Symmetry Groups of Basins of Attraction in Equivariant Dynamical Systems
Abstract
This paper investigates the symmetry properties of basins of attraction and their boundaries in equivariant dynamical systems. While the symmetry groups of compact attractors are well understood, the corresponding analysis for non-compact basins and their boundaries has remained underdeveloped. We establish a rigorous theoretical framework demonstrating the hierarchical inclusion of a chain of symmetry groups, showing that boundary symmetries can strictly exceed those of attractors and their basins. To determine admissible symmetry groups of basin boundaries, we propose three complementary approaches: (i) thickening transfer, which connects admissibility results from compact attractors to basins; (ii) algebraic constraints, which exploit the closed nature of boundaries to impose structural restrictions; and (iii) connectivity and flow analysis, which analyzes how the system's dynamics permute states.
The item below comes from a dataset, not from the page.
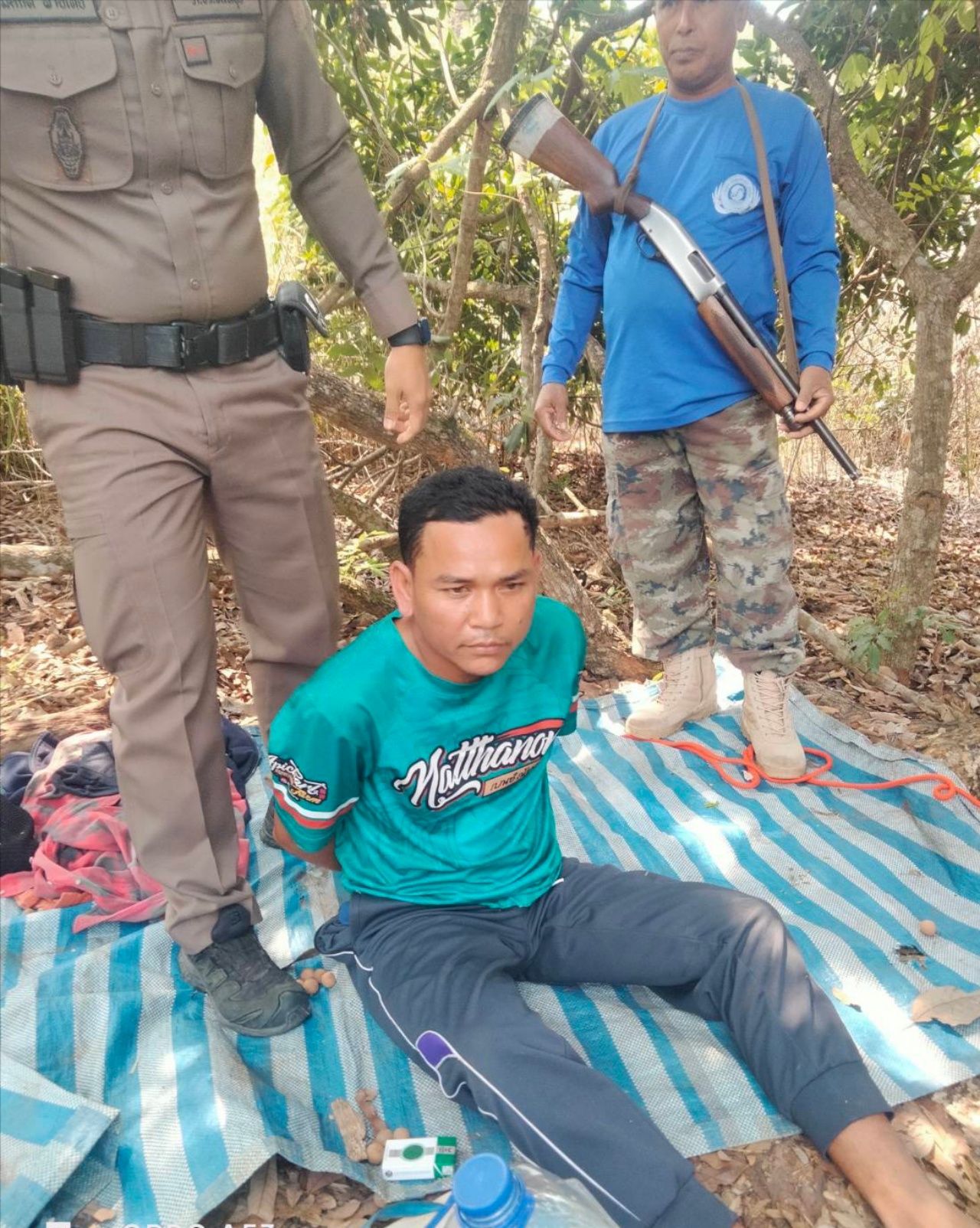 ทันทีที่เห็นเจ้าหน้าที่ คนร้ายพยายามจะหลบหนี เจ้าหน้าที่ ชรบ. จึงยิงสกัดไป 1 นัด กระสุนเข้าที่ข้อเท้าขวาของคนร้ายจนล้มกลิ้ง อีกคนเมื่อเห็นเพื่อนล้ม ก็หยุดวิ่งและยอมหมอบลงกับพื้นให้เจ้าหน้าที่จับกุม ทราบชื่อคนเจ็บต่อมาคือ นายเมด ไม่ทราบนามสกุล อายุ 34 ปี ส่วนเพื่อนคือ นายแซท เรียม อายุ 35 ปี ทั้งคู่เป็นชาวกัมพูชา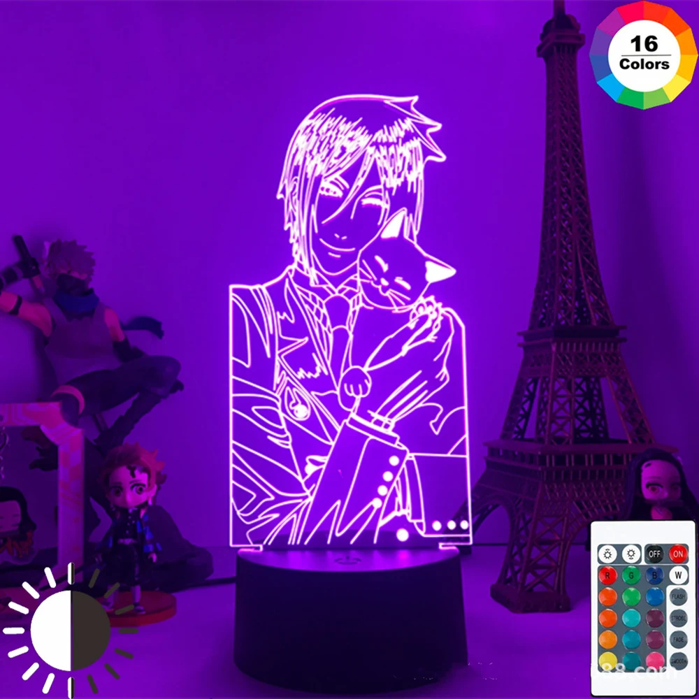 9 узоров, светящийся черный Батлер, аниме-фигурка, ночник, комнатный декор, манга, подарок на день рождения, украшение для комнаты, красный, синий, черный Батлер

Numerical experiments on the Thomas system confirm these theoretical results, illustrating that cyclic group actions permute basins while preserving their common boundary, whereas central inversion leaves both basins and boundaries invariant. These findings reveal that basin boundaries often exhibit higher symmetry than the attractors they separate, providing new insights into the geometry of multistable systems and suggesting broader applications to physical and biological models where basin structure determines stability and predictability.